Guillaume est bien décédé à l’hôpital et non à notre domicile, contrairement à ce qu’ont pensé de nombreuses personnes. Contrairement à ce qui a été dit sur les réseaux sociaux, nous nous sommes occupés de Guillaume tous les jours (il vivait chez nous). Il a suivi le parcours de soin prévu. La seule chose qu’il ne voulait pas était de s’inscrire dans une association. Guillaume était quelqu’un de très discret et n’aurait pas aimé cet affichage le concernant. Pour renforcer notre calvaire, 10 jours se sont écoulés pour disposer du corps et pouvoir organiser les obsèques de notre fils. Pourquoi nous infliger autant de temps ? Que s’est-il passé ? Nous n’en n’avons rien su.

Malgré notre désarroi et notre douleur, nous avons essayé d’avancer afin d’organiser les obsèques religieuses dans le Béarn où se trouve le caveau familial. Nous souhaitons que ce moment reflète la personnalité de Guillaume, son parcours sans faute : un jeune homme de 31 ans, intelligent, aimant et passionné d’écologie.
Aujourd’hui, Guillaume me manque tellement, ainsi qu’à son père, ses frères et à sa famille. Ma plaie reste ouverte et je me sens amputée d’un membre. Notre douleur est intense, indescriptible.

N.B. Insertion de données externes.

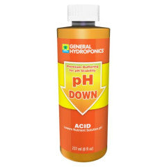 The acid formulation uses food grade phosphoric acid to lower the pH to the proper level. Widely recognized as a consistent and reliable product.General Hydroponics pH Down Liquid
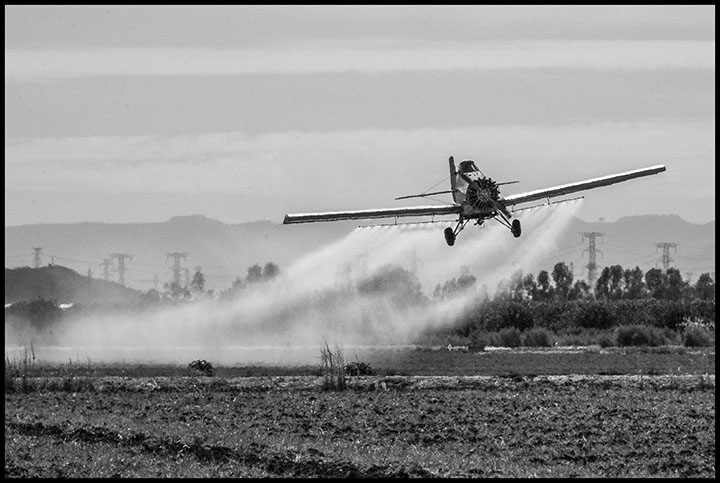 A crop duster sprays pesticides on a field next to the U.S./Mexico border in the Imperial Valley.

Pour Guillaume, je veux, nous voulons, avoir des réponses sur ce qui s’est passé. Il y a tellement de zones d’ombre sur son dossier. Guillaume aimait la vie et pour en arriver là, c’est qu’il souffrait terriblement, dans sa tête, dans son corps. Suite à cet attentat du Bataclan, il a subi un choc post-traumatique et n’a pas été aidé à la hauteur de sa souffrance. Guillaume était un « cas lourd » nous a dit le médecin. Mais nous pensons que le suivi a été insuffisant.

Guillaume est la 131e victime du 13 novembre, même s’il n’est pas reconnu à ce jour.

« Guillaume, mon fils adoré, je t’aime, nous t’aimons et tu resteras à jamais dans mon cœur, dans nos cœurs.
Tu me manques, tu manques à ton père, à tes frères, à ta famille et à tes nombreux amis.
Ta Maman. »

P.S. Cette lettre est destinée à ses amis du rock, de la faculté, à ses collègues, à sa famille, à ses amis et à tous ceux qui seront intéressés de savoir ce qu’a vécu Guillaume.